> [WORK INSTRUCTION] Skip every picture while you write out the records below, from the first line through the one that contains "If you have", both ends kept.

> [Recorded data]
--------------------------------------------------

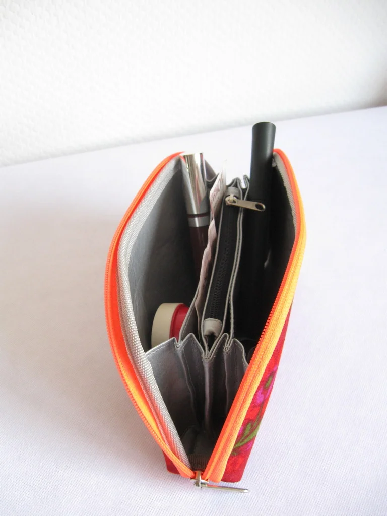 Im Inneren gibt es vier Fächer und ein Reißverschlussfach.
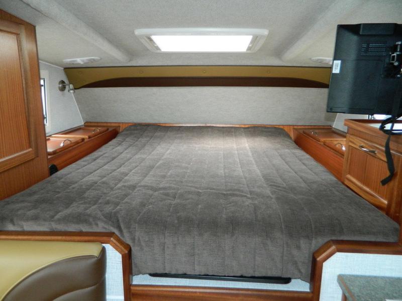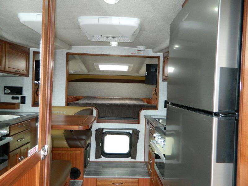 If you have a short bed truck then you need this truck camper for your next adventure! Start each morning feeling recharged after sleeping on the front queen bed while your electronics recharge at the 12V USB charging stations. Fill your bellies with fried bacon and eggs cooked on the three burner stove with oven and drink a cold glass of orange juice stored in the 6.3 cu. ft. two way refrigerator. Plus, you can eat your meals at the face-to-face dinette and transform into an extra sleeping space. You can even freshen up each morning in the wet bath. There is plenty of storage throughout with closets and overhead cabinets too! An optional 600AH lithium power system and optional Truma Combi furnace/hot water system can be added on this model for even more comfort and convenience!
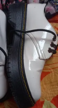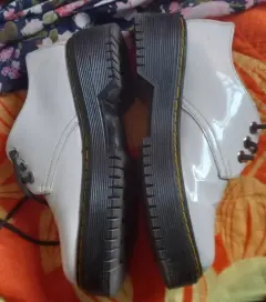 Zapatos de cintas tipo exford moda chunky de plataforma, en material de charol color blanco, suela antiderrapante, diseño en tendencia
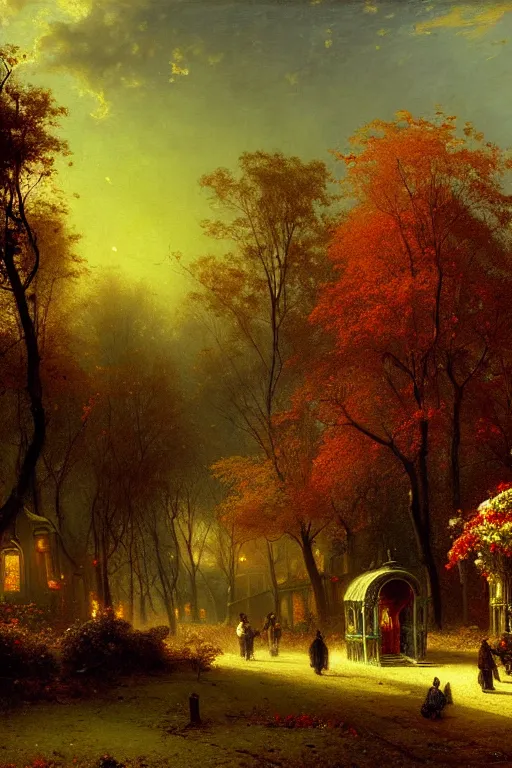 detailed painting of a victorian living capsule architecture, autumn dusk, leaves, flowers, dead trees. filigree ornaments, andreas achenbach
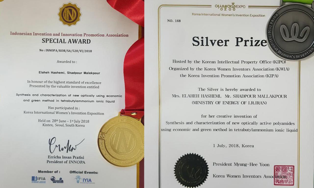 این اختراع با عنوان ' تهیه و شناسایی پلی آمیدهای جدید فعال نوری با استفاده از روش اقتصادی و سبز در حلال مایع یونی'، براساس تحقیقات دکتر شادپور ملک پور استاد دانشکده شیمی دانشگاه صنعتی اصفهان و دکتر الهه هاشمی، دانش آموخته دکتری شیمی این دانشکده به دست آمده است.
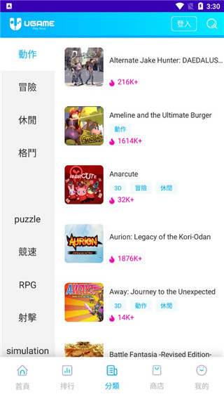 5、你还可以在分类中选择你要玩的类型,冒险、动作、角色扮演、竞速和对战等多种种类任你选择;

--------------------------------------------------

> [EXERCISE RESULT]
 Im Inneren gibt es vier Fächer und ein Reißverschlussfach.
 If you have a short bed truck then you need this truck camper for your next adventure! Start each morning feeling recharged after sleeping on the front queen bed while your electronics recharge at the 12V USB charging stations. Fill your bellies with fried bacon and eggs cooked on the three burner stove with oven and drink a cold glass of orange juice stored in the 6.3 cu. ft. two way refrigerator. Plus, you can eat your meals at the face-to-face dinette and transform into an extra sleeping space. You can even freshen up each morning in the wet bath. There is plenty of storage throughout with closets and overhead cabinets too! An optional 600AH lithium power system and optional Truma Combi furnace/hot water system can be added on this model for even more comfort and convenience!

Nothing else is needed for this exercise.